Three in five (61%) people surveyed by Censuswide in April agreed that they care more about how brands are behaving now than they did before the Covid-19 outbreak, and 68% said they thought it was important for brands to spread positive news.
What was even more stark was that almost half (48%) of Brits said they would trust a brand less if it ignored what was happening and did not communicate about Covid-19 at all.
Clients and customers are, however consciously, noting how your brand interacts during the crisis and ongoing public lock down. It is not the time to stop interacting, to hide away and hope for normality to return.
Now is the time to be going out there with strong messaging and following through with action.
It is arguably the best time to get your message out there and do some good. With more people watching and reading the news, around half (48%) have said they are noticing brand news more. Businesses need to be trying to be part of this ‘new normal’, not stepping back from it.
The tide can turn quickly
You need only look at Sports Direct to see how rapidly public attitudes can turn. After boss Mike Ashley announced in late March that its stores would remain open despite lockdown, YouGov polling found the company’s UK index score – a measure of the overall brand health – fell from 1.1 to -18.4 in just a week.
Its reputation (already low, only hitting -10 at its peak over the previous year according to YouGov) fell drastically, from -17.8 to -46.3 over the same one-week period.

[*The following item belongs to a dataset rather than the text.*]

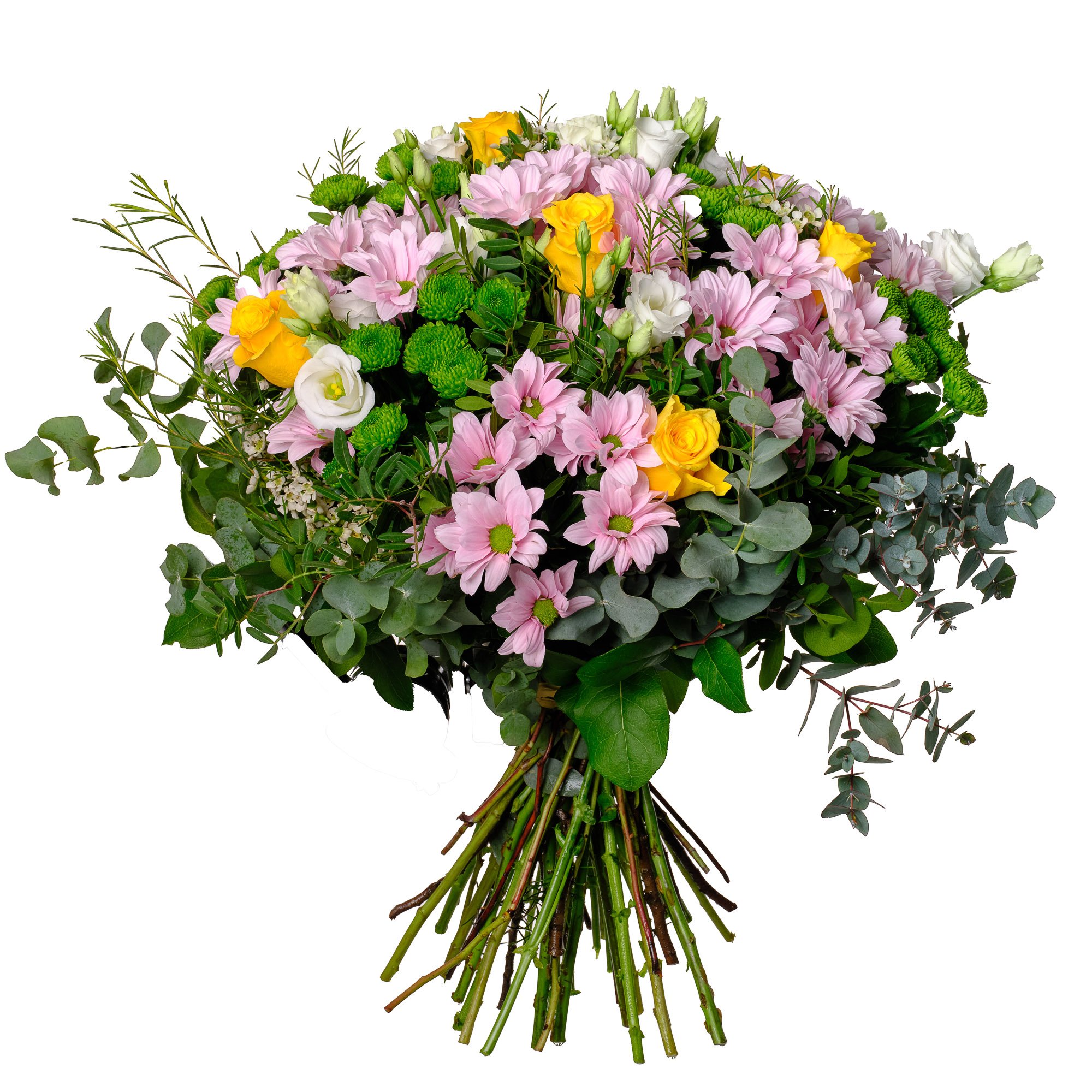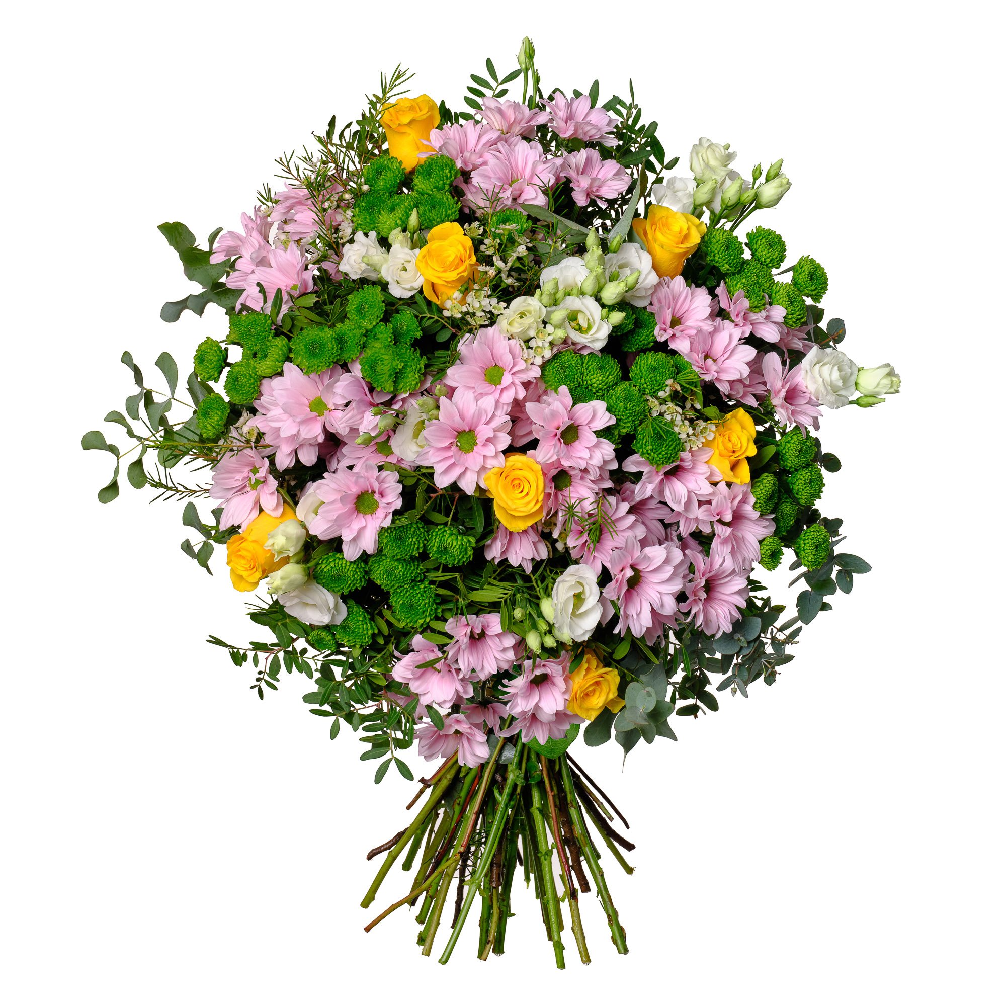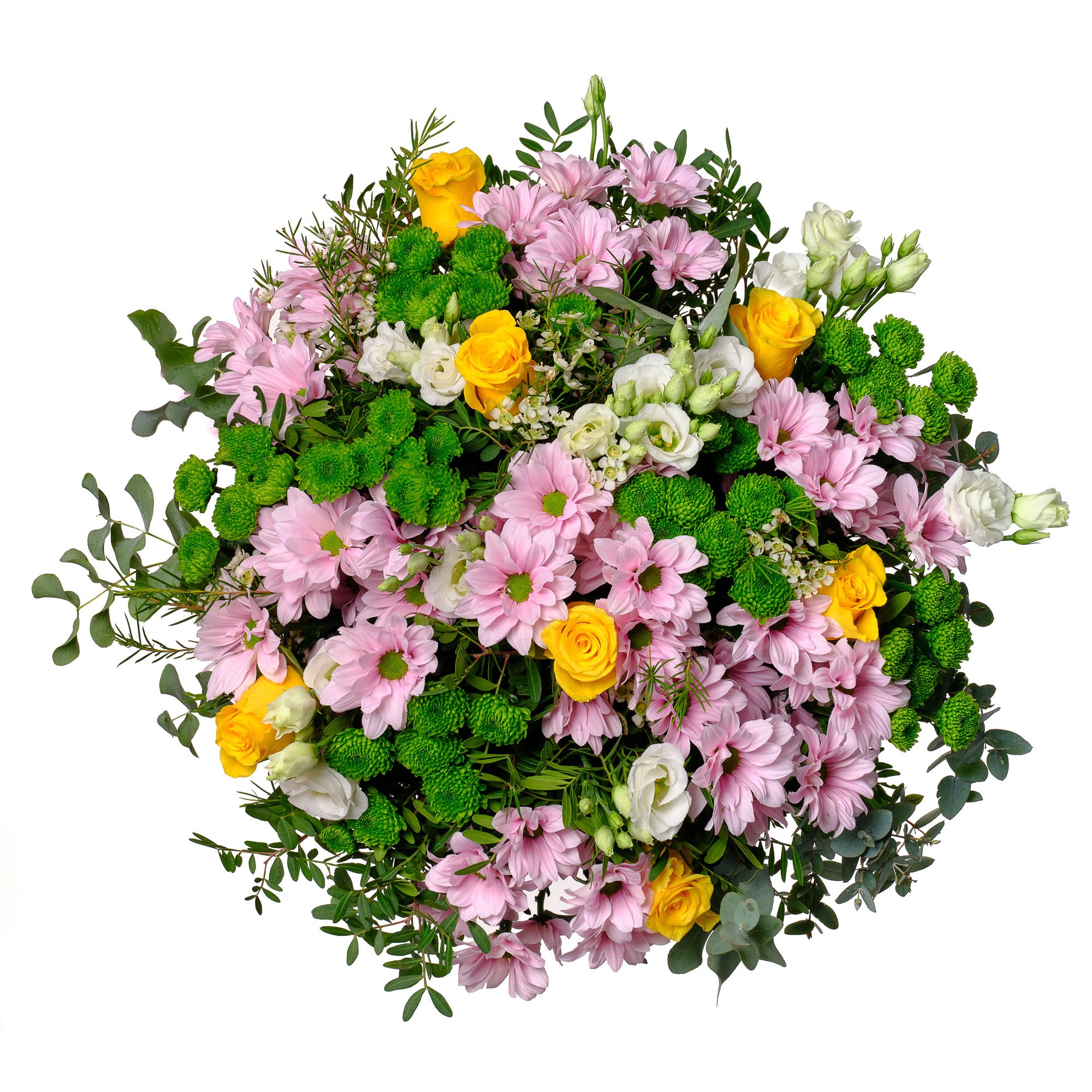 Exclusive Roses, Santini Chrysanthemums, Pink Chrysanthemums, Lisianthus, Waxflower & Decorative greenery (28 stems)

True, this is more a sign of poor judgement from a brand that has courted controversy in the past than a lack of communication, but it shows just how quickly poor messaging and output from a business can drag on the public’s perception – particularly when it comes to something as emotive as the nation’s health. The public are unwilling to give you the benefit of the doubt when lives are at stake.
Offer the answers
Everyone is looking for answers, and often looking to the brands and companies they interact with to provide them. Rather than burying your head in the proverbial sand, it is crucial to stay in contact. Explain what is happening, and how you are dealing with it. It is even better if you can be proactive and positive in your engagement. Have you involved the business in any charity or community efforts? How have you reached out to customers to help them if they are feeling vulnerable?
It may be something as simple as a scheme to boost your remote-working office’s moral, or as straightforward as making charitable donations, what is important is that you keep people informed and, better yet, spread some much needed cheer and goodwill in these anxious months.